« Sur un air de Fado », le nouvel album de Nicolas Barral


La librairie spécialisée BD Lib’ accueillait, vendredi 12 mars, le dessinateur et scénariste Nicolas Barral, venu dédicacer son dernier album « Sur un air de Fado ». Parue chez Dargaud, cette BD est un exercice nouveau pour son auteur qui réalise à la fois le scénario et les dessins. 
 
L’histoire se passe à Lisbonne en 1958 sous la dictature de Salazar... Elle met en scène l’itinéraire d’un médecin aisé dont le destin va se trouver bousculé suite à la rencontre d’un garçon très courageux. Cette confrontation va changer la vie du héros, empreinte alors de frivolité et de légèreté. Auteur BD depuis les années 90, Nicolas Barral collabore avec différents scénaristes tels que Christophe Gibelin pour la série « Les ailes de plomb », Pierre Veys avec les albums de « Blake et Mortimer » alias « Philip et Francis » et une adaptation de la série Nestor Burma de Léo Malet. « Sur un air de Fado » est un projet qui aura nécessité une maturation de 10 ans puis une période de réalisation de 3 ans, le temps pour l’auteur de s’imprégner de la ville, de s’alimenter en informations historiques et surtout de se questionner sur la notion d’engagement sous une dictature. « Ma femme est d’origine portugaise, c’est elle qui m’a éclairé sur sa culture » précise Nicolas Barral. « Pour mes enfants, je me suis senti obligé d’étudier leur seconde patrie. Pour cela, je me suis imprégné du livre d’Antonio Tabucchi, « Pereira prétend », qui raconte l’histoire d’un personnage vivant sous la dictature, devant un jour prendre position. Sa lecture m’a profondément marqué et interrogé sur ces 48 années de dictature portugaise. Cette histoire m’a renvoyé à moi-même, à comment j’aurais réagi si j’avais dû vivre sous une dictature.
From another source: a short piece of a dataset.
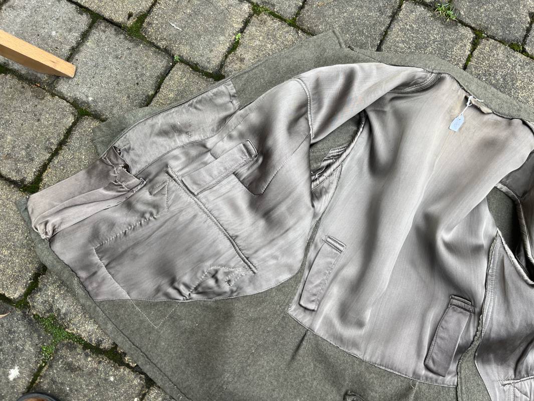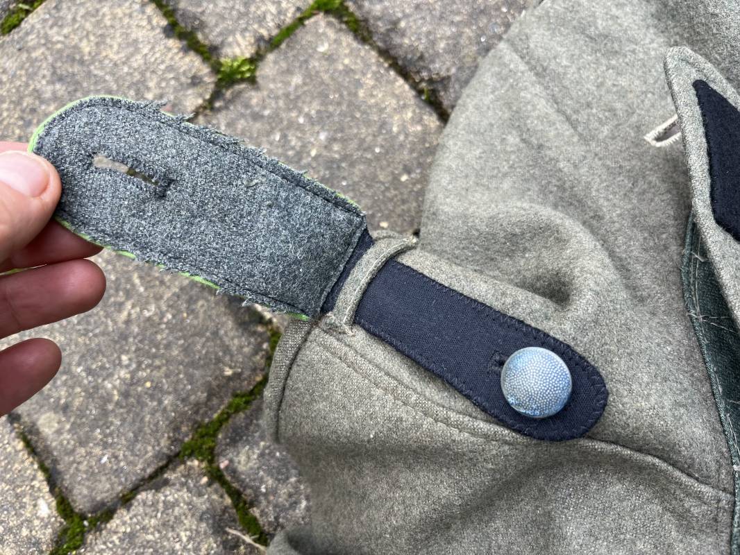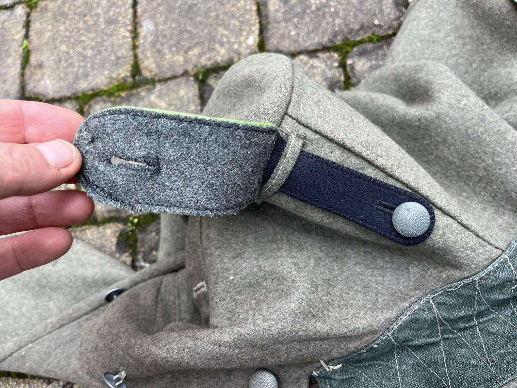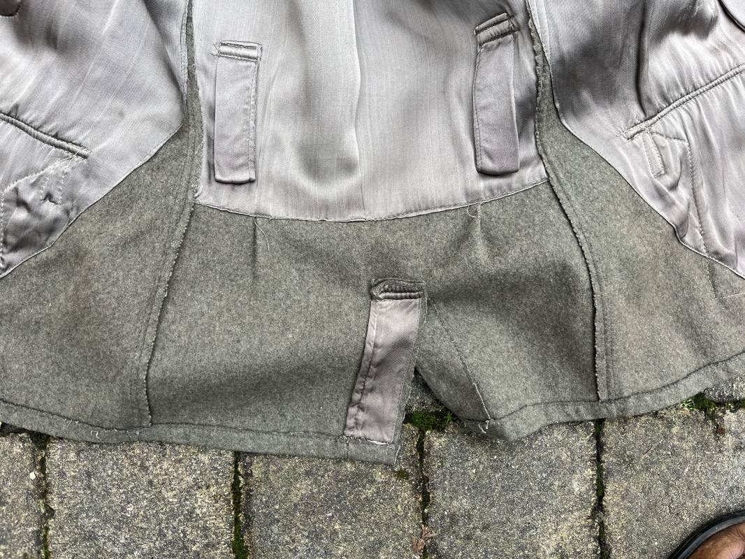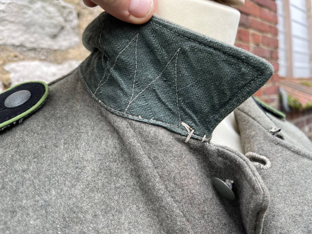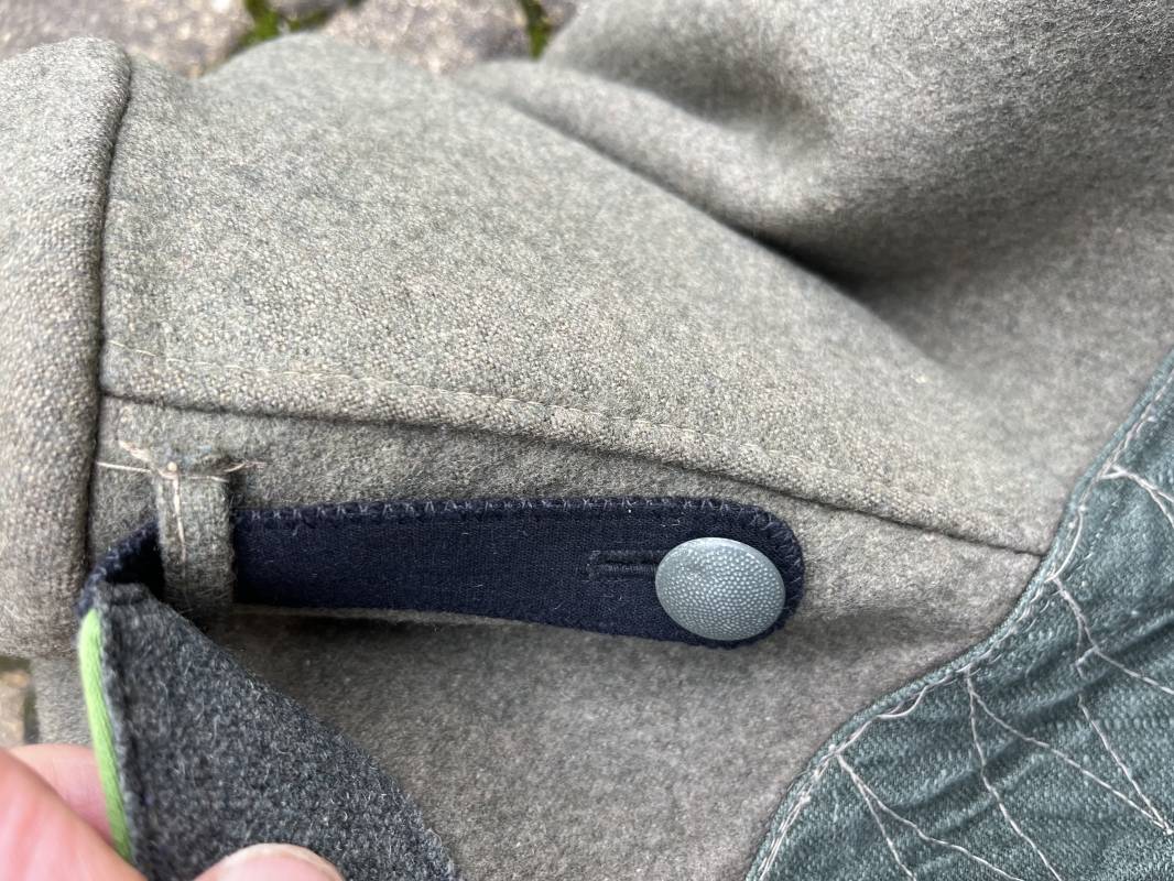 Rare veste troupe modéle 1942 en drap feldgrau d'un soldat panzer grenadier de la 17éme Division blindée 'Gotz Von Berlichingen' de la Waffen SS . Cette trés rare veste a été trouvée dans le secteur de Vernon ( 27 ) il y a 40 ans . Veste modéle 1942 de dotation de la Waffen SS : Fermeture frontale à cinq boutons métalliques et deux oeillets de fixation des crochets de ceinturon , Quatre poche à rabats en pointes boutonnés . Col avec coins de col troupe ( litzen) modéle brodé en fil de coton gris , montées mains . Revers de col en chevrons treillis vert . Aigle de bras troupe du modéle brodé coton gris , monté mains . Pattes d 'épaules à rabats modéle 1943 , liseré en rayonne 'vert pré' de panzer grenadier , intérieur doublé et renforcé en coton noir . Bande de bras de la 17 Panzer Division Gotz Von Berlichingen cousue sur la manche gauche , montage mains . Bande de bras du modéle de dotation tissée BEVO . Tous les boutons sont montés d 'origine . Intérieur doublé satinette grise . Poche a pansement et bouton . Marquage encre des taille Marquage code fabricant ' 525 ' Largeur épaules 43 cm , longueur 68 cm , manche 65 cm . Trés belle veste légérement portée en trés bel état .Drap trés frais . Veste non raccourcie , non modifiée . Uniforme définitif en collection . Rare uniforme des troupes combattantes de la Waffen SS durant la bataille de Normandie en été 1944 Ref 2510
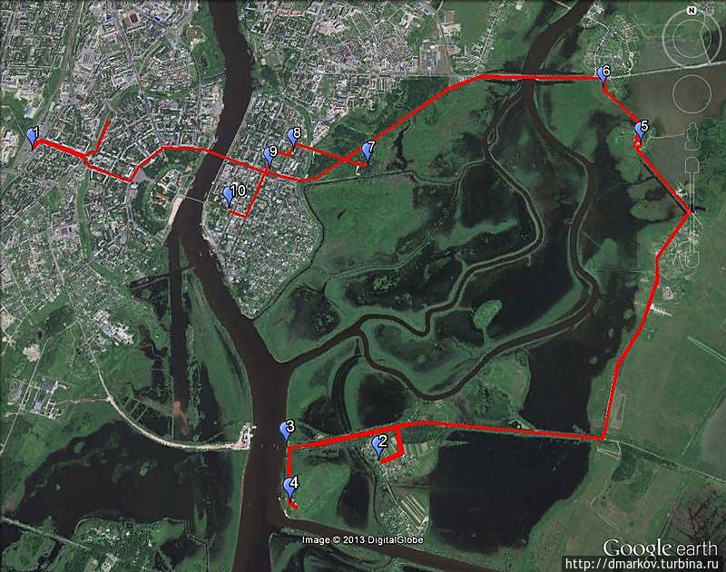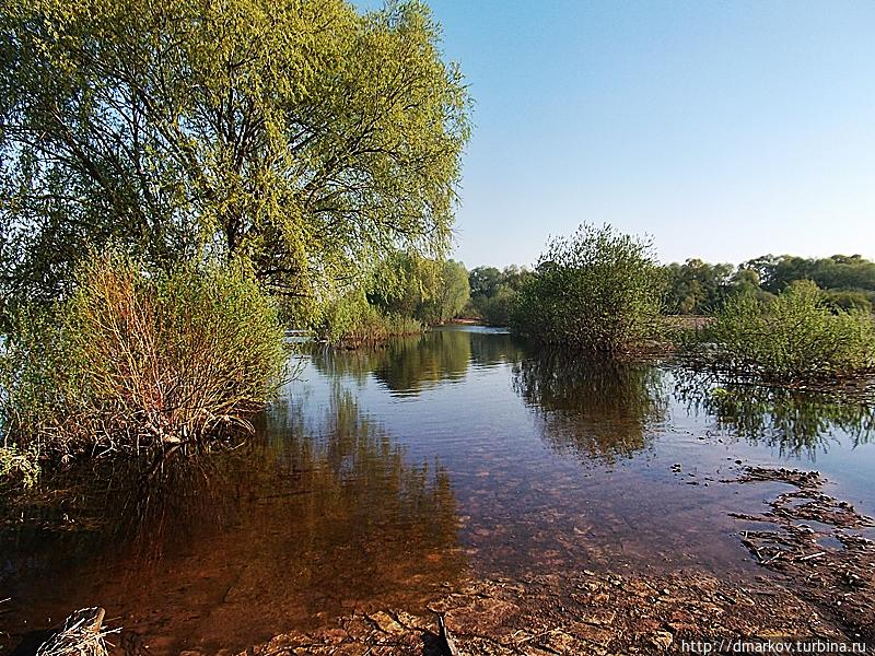 Дальше мне надо было пройти по мосту через протоку, и я на Городище (так говорила карта). Однако следов моста не обнаружилось, вместо этого передо мной дорога, вымощенная плитами, уходила под воду. Правда через метров 20 появлялась вновь. Ну, если здесь благоустроенная дорога, значит должно быть неглубоко. Закатал штанины, кроссовки в руки — и вперед! Вода в становящийся жарким денек приятно освежала, а глубина действительно была сантиметров 30. Прошел за поворот, новое «море» — длиной уже метров 150–200. Хорошо Волхов разлился! Пойду, пока «по шею не станет», что я — зря приехал? Максимальная глубина — на 10 см выше колена, прошел, обсох, я на Городище (4)!

Je n’aurais pu écrire cet album il y a 15 ans, j’avais besoin de mûrir pour cela, car plus jeune, j’aurais été tenté de juger ». Fruit d’une première collaboration avec sa fille Marie, coloriste de l’album, cette BD prend des allures d’histoire de famille. « Cette collaboration a été l’occasion de redéfinir nos relations, car même à 21 ans, elle reste ma « petite » fille. La couleur qu’elle a donnée à l’histoire lui donne une tonalité, biais par lequel on accède à l’émotionnel ». Suivant une trame historique véridique, cet album a eu la vertu de libérer la parole de la communauté portugaise sur ce passé douloureux. « Mais tout un chacun peut s’interroger sur la notion d’engagement dans une société où le populisme gratte à la porte ». Conçu pour être unique, l’album pourrait cependant trouver une suite. « Je ne me suis pas détaché de mes personnages qui continuent à vivre en moi ».